Closed GoogleCodeExporter closed 9 years ago

GoogleCodeExporter commented 9 years ago 
CollideSDF_RS calculates the friction between a softbody and rigidbody as:

c.m_c3      =   fv.length2()<(btFabs(dn)*fc)?0:1-fc;

From the way this value is later used, the intent of the condition appears to 
be to select between static friction (setting c3 = 0) and kinetic (a.k.a. 
dynamic) friction (c3 = 1-fc). Static friction is when an object remains in 
place due to friction, while kinetic friction occurs when the object is sliding.

But this threshold at which an object begins to slide is typically defined as:

  threshold = tan(theta_threshold)

where theta_threshold is the angle between the surface normal and the direction 
opposite to which the object is pressing on the surface at which sliding starts 
to occur. If the angle is greater than that, then the object will slide using 
kinetic friction.

In the context of the c3 calculation, fv is the projection of the node's motion 
vector onto the surface, while dn is the length of the motion projected onto 
the surface normal. Thus:

  tan(theta) = fv.length() / abs(dn)

(using an abs() on dn for symmetry sake). The threshold is the combined 
friction fc.
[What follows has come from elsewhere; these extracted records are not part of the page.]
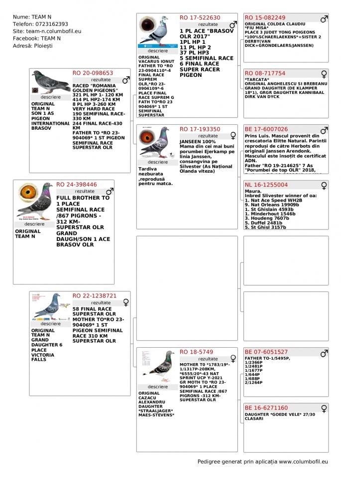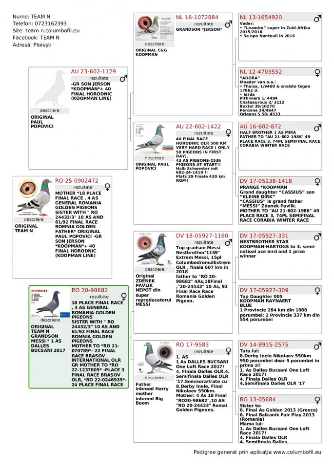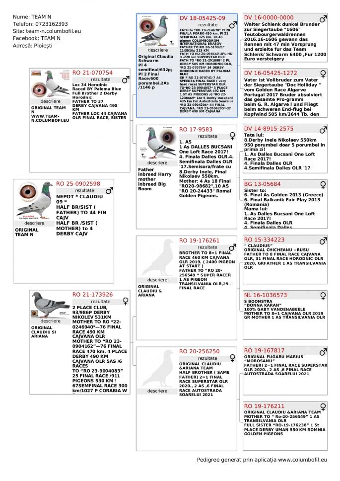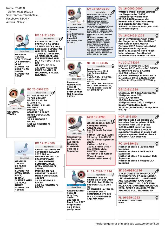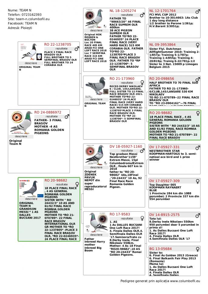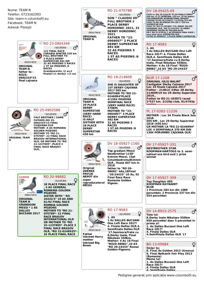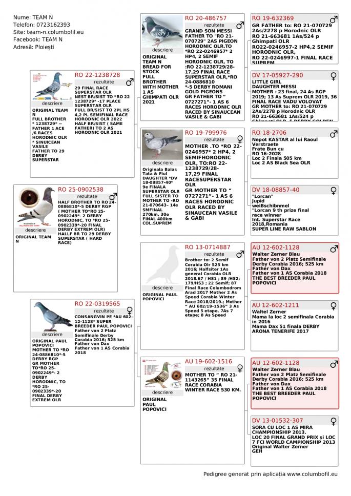 Semi-frate cu mama la RO 21-70729 1 AS Speed 2 AS General 2200 p. Horodnic OLR Semi-frate cu tata la RO 22-24695 2 Semifinala 330 km 41 Final Race 430 km oferta curenta: - |
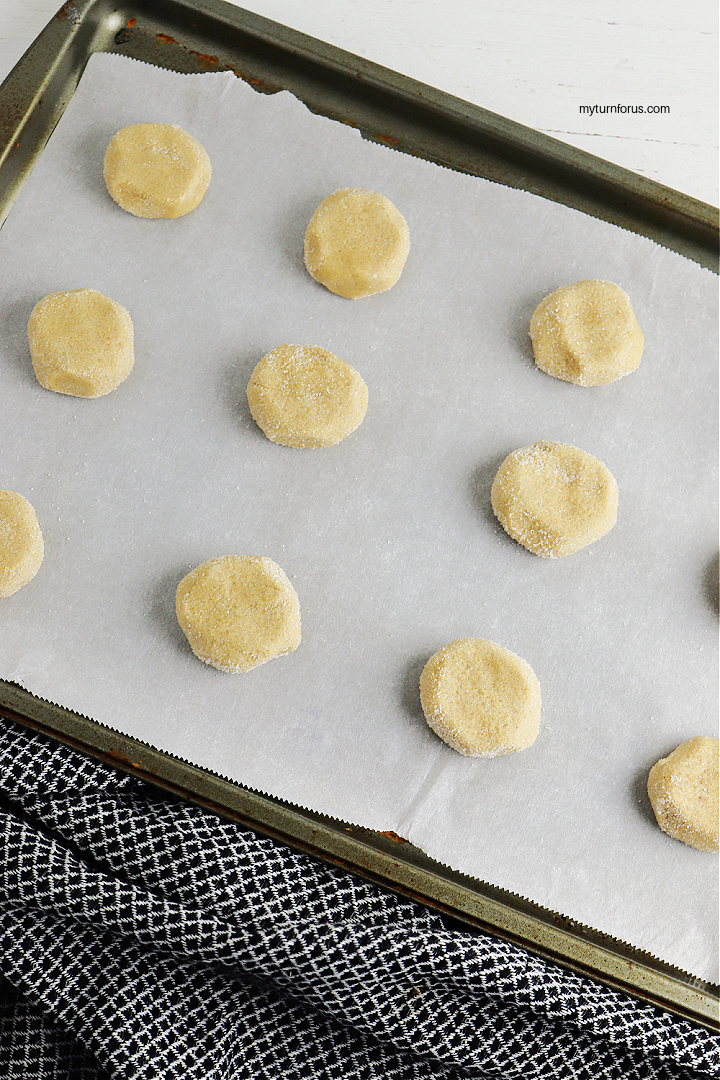 Place 1/3 cup sugar in a small bowl. Use a tablespoon or cookie scoop to scoop the dough and roll the dough between your hands to form an even ball. Then roll each ball in the sugar until it’s fully coated on all sides. Continue making cookie balls until all the dough has been used.
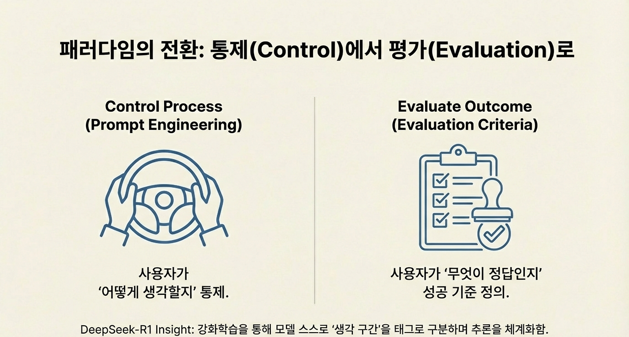 이제는 “어떻게 생각할지”를 사용자가 과하게 통제하기보다, “무엇이 정답인지”를 평가 기준으로 명확히 주는 쪽이 중요해졌다.
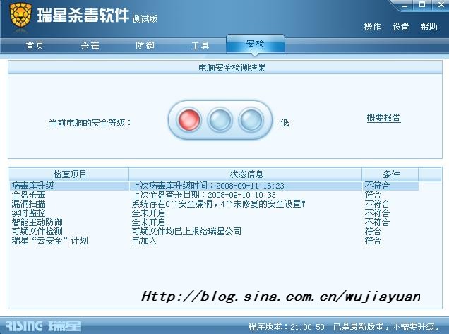 瑞星软件版本:瑞星杀毒软件2009测试版
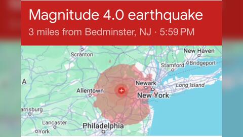 An aftershock with a preliminary magnitude of 4.0 struck southwest of Gladstone, New Jersey, marking a significant seismic event following this morning's 4.8 magnitude earthquake.
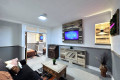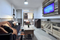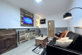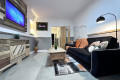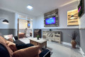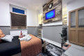 The living room features a comfy click clack sofa bed, a large SMART TV, dedicated workspace and ambiance lighting to set the mood.
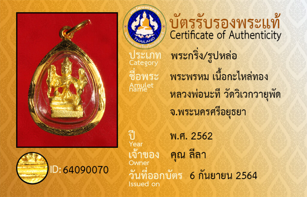 ชื่อพระ : พระพรหม เนื้อกะไหล่ทอง หลวงพ่อนะที วัดวิเวกวายุพัด จ.พระนครศรีอยุธยา
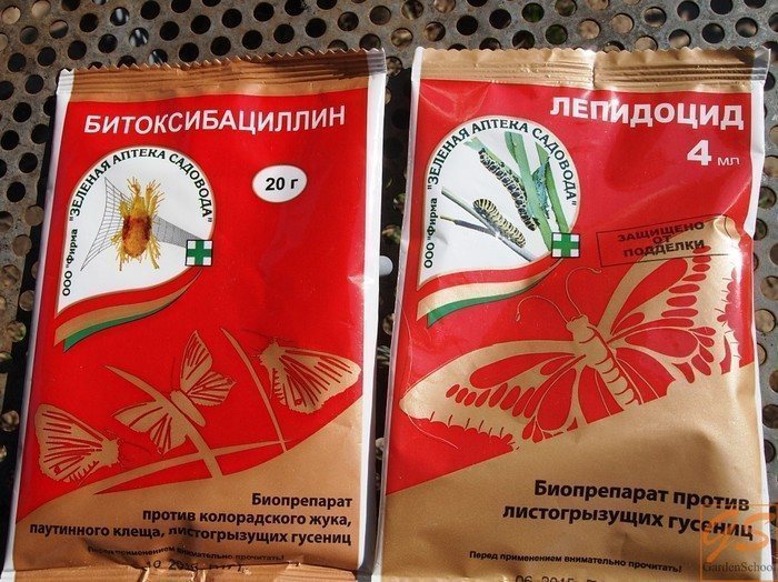 Биологические средства не причиняют вреда ни окружающей среде, ни человеку, и не накапливаются в плодах. Эти препараты эффективно справляются с яблонной плодожоркой. Для защиты сада от вредителей можно использовать:
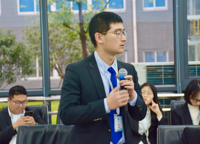 实地参观后,娃哈哈集团市场部经理王伟详细地向成员们介绍了娃哈哈集团并分享了相关的销售知识。学员们积极提问,从生产经营模式到销售营销手段,充分体现了同学们求知的热情与渴望。
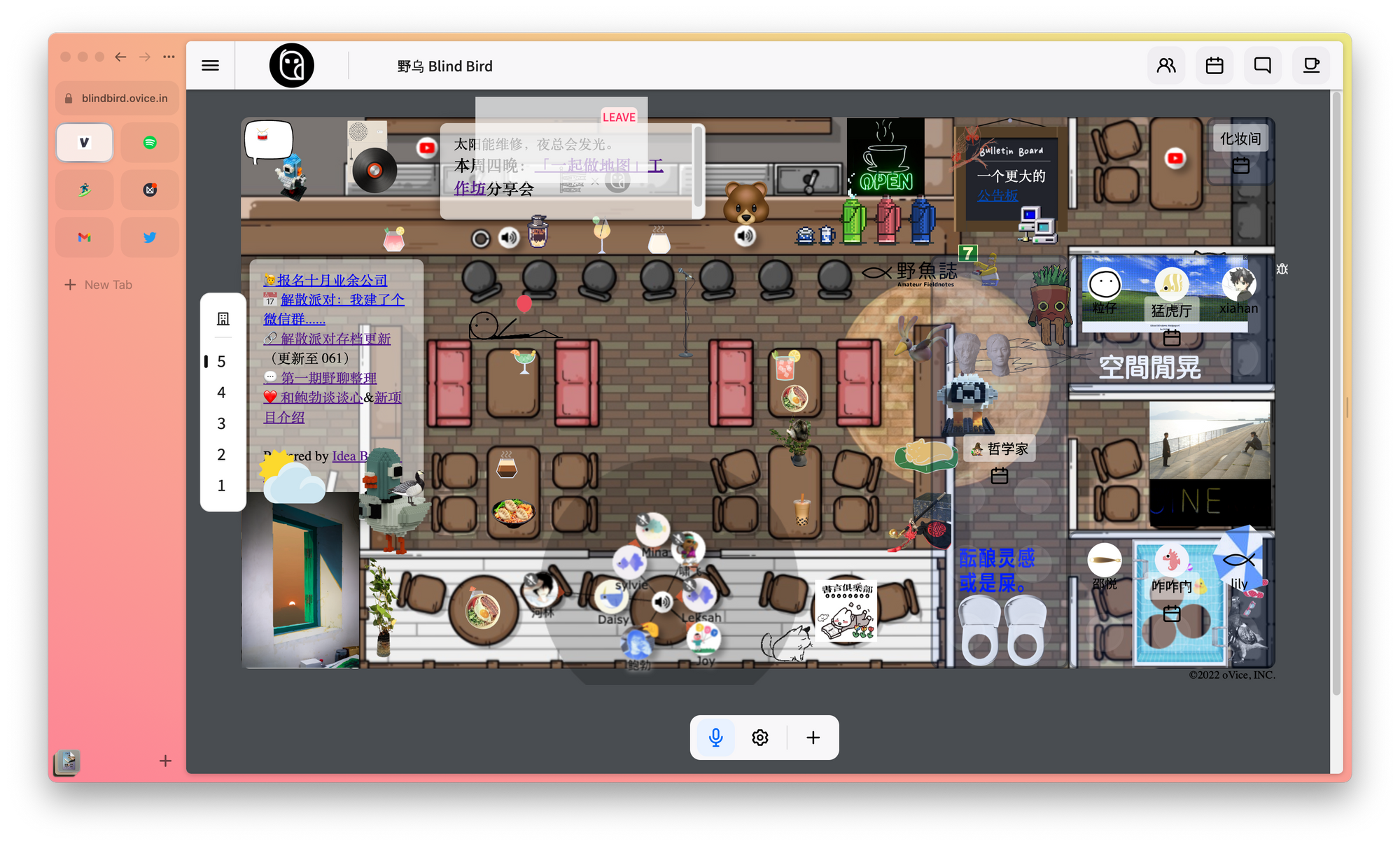 如果你想更实时地感受到彼此,可以来我们的线上咖啡馆坐坐。野乌咖啡馆的地址是:https://blindbird.ovice.in/
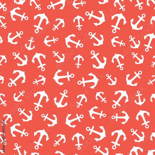 Red seamless pattern with white anchors. Cute and childish design for fabric, textile, wallpaper, bedding, swaddles, toys or gender-neutral apparel.
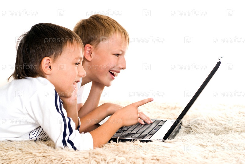 Два брата лежат на ковре с ноутбуком
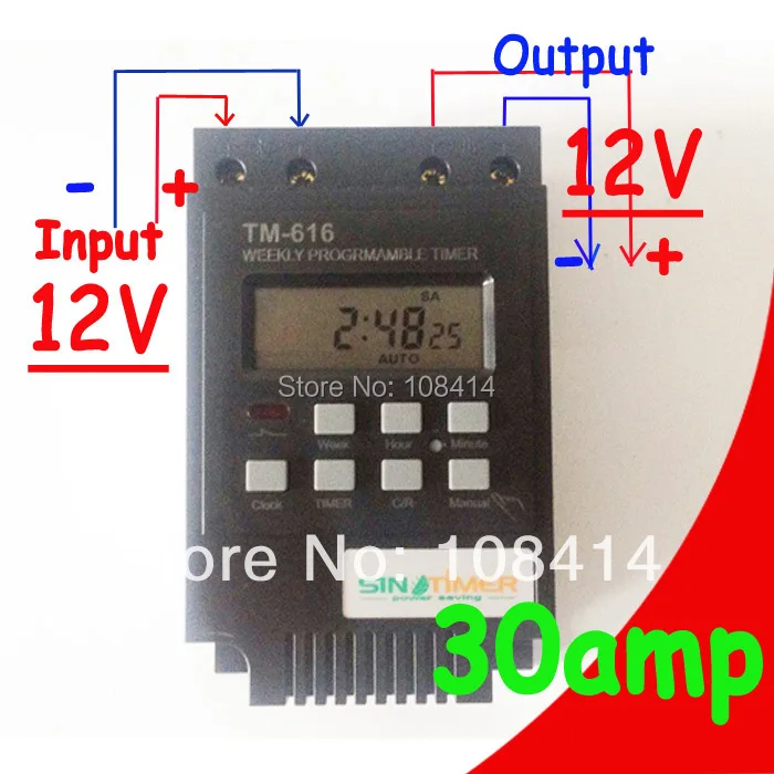 Цифровое реле времени, 30 Ампер, 12 в пост. Тока, 7 дней, 17 ВКЛ.ВЫКЛ., программируемое, 24 часа
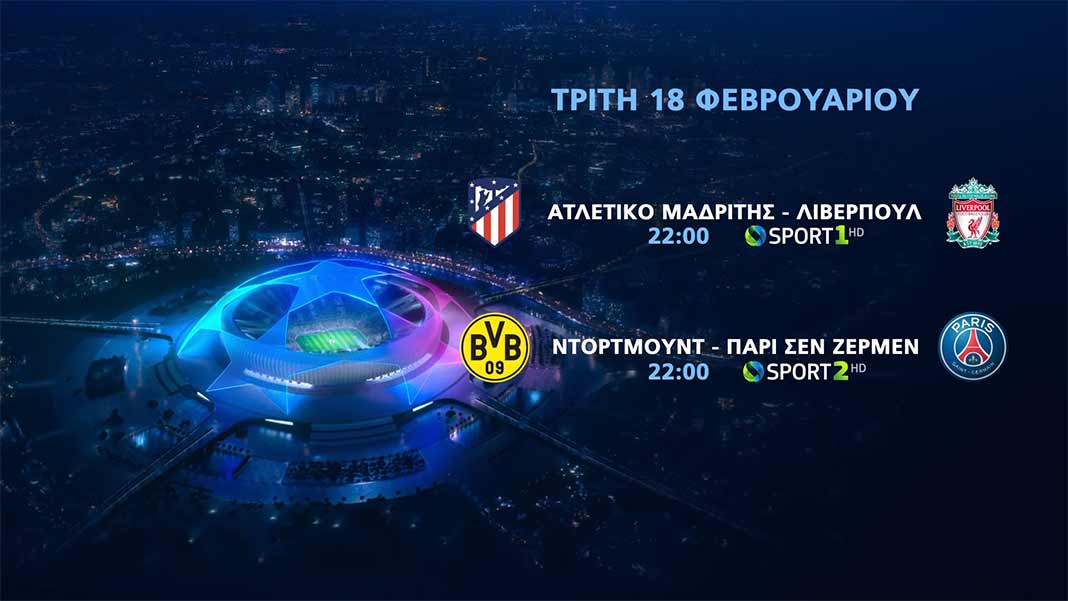 Η Τρίτη 18/2 ανήκει στα ζευγάρια Ατλέτικο Μαδρίτης – Λίβερπουλ και Ντόρτμουντ – Παρί Σεν Ζερμέν. Η Λίβερπουλ ταξιδεύει στη Μαδρίτη με σύμμαχο την εκπληκτική της παρουσία στην Premier League, όπου μετράει 25 νίκες σε 26 ματς και θα προσπαθήσει να κάνει το πρώτο βήμα, για να βρεθεί στην προημιτελική φάση. Η Παρί Σεν Ζερμέν από την άλλη, έχει ως επιδίωξη να διακόψει το σερί των εξόδων από τη διοργάνωση, στους «16». Η Ντόρτμουντ που δεν έχει προκριθεί στα προημιτελικά από το 2017, στοχεύει επίσης μόνο στη νίκη. Και οι δύο αναμετρήσεις θα μεταδοθούν στις 22.00, από το COSMOTE SPORT 1HD και COSMOTE SPORT 2HD, αντίστοιχα.
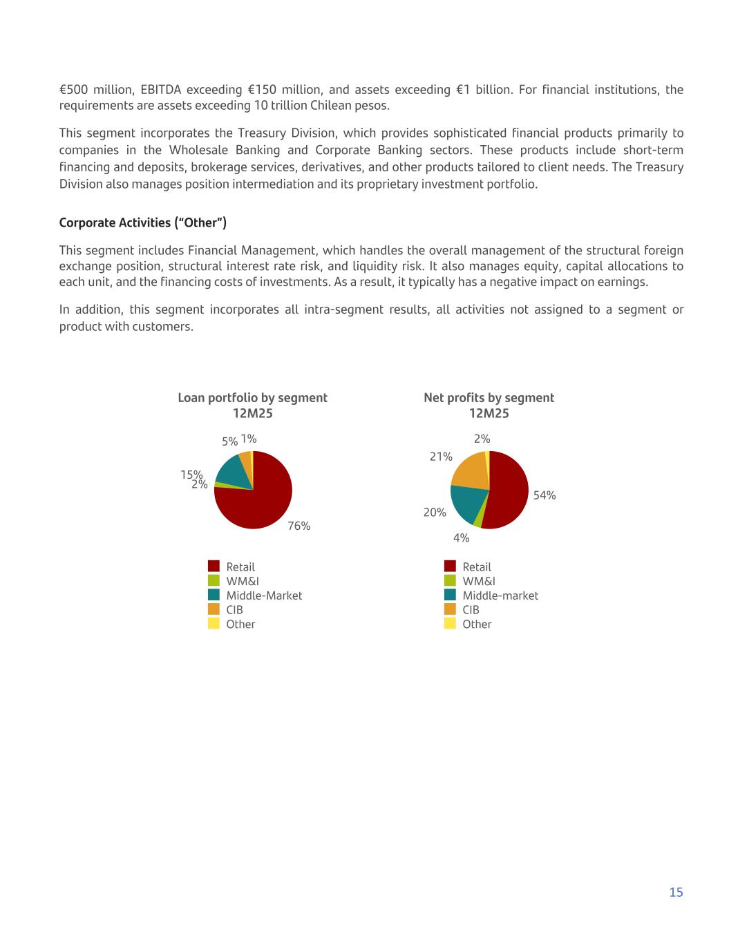 €500 million, EBITDA exceeding €150 million, and assets exceeding €1 billion. For financial institutions, the requirements are assets exceeding 10 trillion Chilean pesos. This segment incorporates the Treasury Division, which provides sophisticated financial products primarily to companies in the Wholesale Banking and Corporate Banking sectors. These products include short-term financing and deposits, brokerage services, derivatives, and other products tailored to client needs. The Treasury Division also manages position intermediation and its proprietary investment portfolio. Corporate Activities (“Other”) This segment includes Financial Management, which handles the overall management of the structural foreign exchange position, structural interest rate risk, and liquidity risk. It also manages equity, capital allocations to each unit, and the financing costs of investments. As a result, it typically has a negative impact on earnings. In addition, this segment incorporates all intra-segment results, all activities not assigned to a segment or product with customers. Loan portfolio by segment 12M25 76% 2% 15% 5% 1% Retail WM&I Middle-Market CIB Other Net profits by segment 12M25 54% 4% 20% 21% 2% Retail WM&I Middle-market CIB Other 15
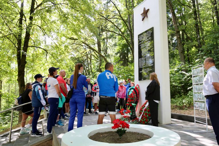 Также в рамках республиканской спартакиады среди работников физической культуры, спорта и туризма прошел велопробег. Участники возложили цветы к стеле в память о боевых действиях подпольно-патриотической группы деревень Тарасово и Ратомка против немецко-фашистских захватчиков.
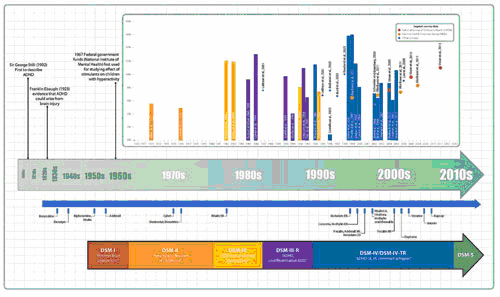 2.ADHD患病率、诊断标准和治疗演变的时间轴
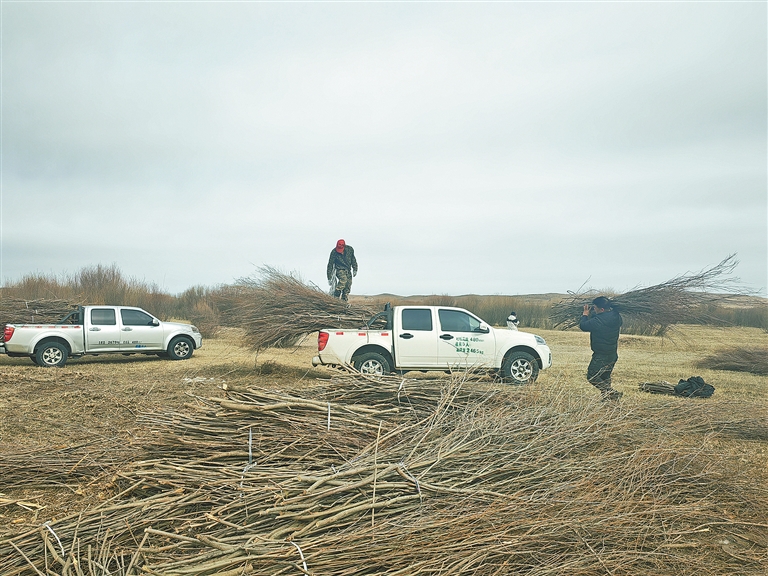 这几天,在位于锡林郭勒盟正蓝旗境内的浑善达克沙地中,牧民们正忙着开展黄柳平茬作业。科学平茬有助于黄柳的再生长,强化其对浑善达克沙地生态的防风固沙和水土保持功能。平茬后的黄柳条还是很好的生物活沙障,成为治沙“利器”。2025年,锡林郭勒盟计划完成沙地治理任务566万亩,奋力打赢浑善达克沙地歼灭战。

One would therefore expect static friction when:

  fv.length() / abs(dn) < fc

which, rearranged a bit, gives:

  fv.length() < abs(dn) * fc

However the implementation uses fv.length2(), possibly to avoid the square 
root, but doesn't square the right hand side to match.

That effectively makes the threshold also dependent on the speed at which the 
node hits the surface, which is contrary to the usual treatment of friction.
Also, the units in the inequality wouldn't match. fv.length2() is metres^2, dn 
is in metres, and friction fc is unitless. It ends up comparing square metres 
to metres, which doesn't make much sense physically.

The same issue is in the ClusterBase collision code to calculate 
joint.m_friction.

Original issue reported on code.google.com by ja...@orcon.net.nz on 29 Mar 2012 at 2:02

GoogleCodeExporter commented 9 years ago 
That sounds reasonable.

I suppose 
c.m_c3 = fv.length()<(btFabs(dn)*fc)?0:1-fc;
or
btScalar tmp = (btFabs(dn)*fc);
c.m_c3 = fv.length2()<tmp*tmp?0:1-fc;

Do you mind creating a suggested patch for both?

Original comment by erwin.coumans on 30 Mar 2012 at 7:25

GoogleCodeExporter commented 9 years ago 
Patch attached. It squares the RHS. Tested with the SoftDemo demos.

Original comment by ja...@orcon.net.nz on 5 Apr 2012 at 8:29

Attachments:

GoogleCodeExporter commented 9 years ago 
I finally got to apply the patch:
http://code.google.com/p/bullet/source/detail?r=2545

Thanks for your help!

Original comment by erwin.coumans on 31 Jul 2012 at 5:03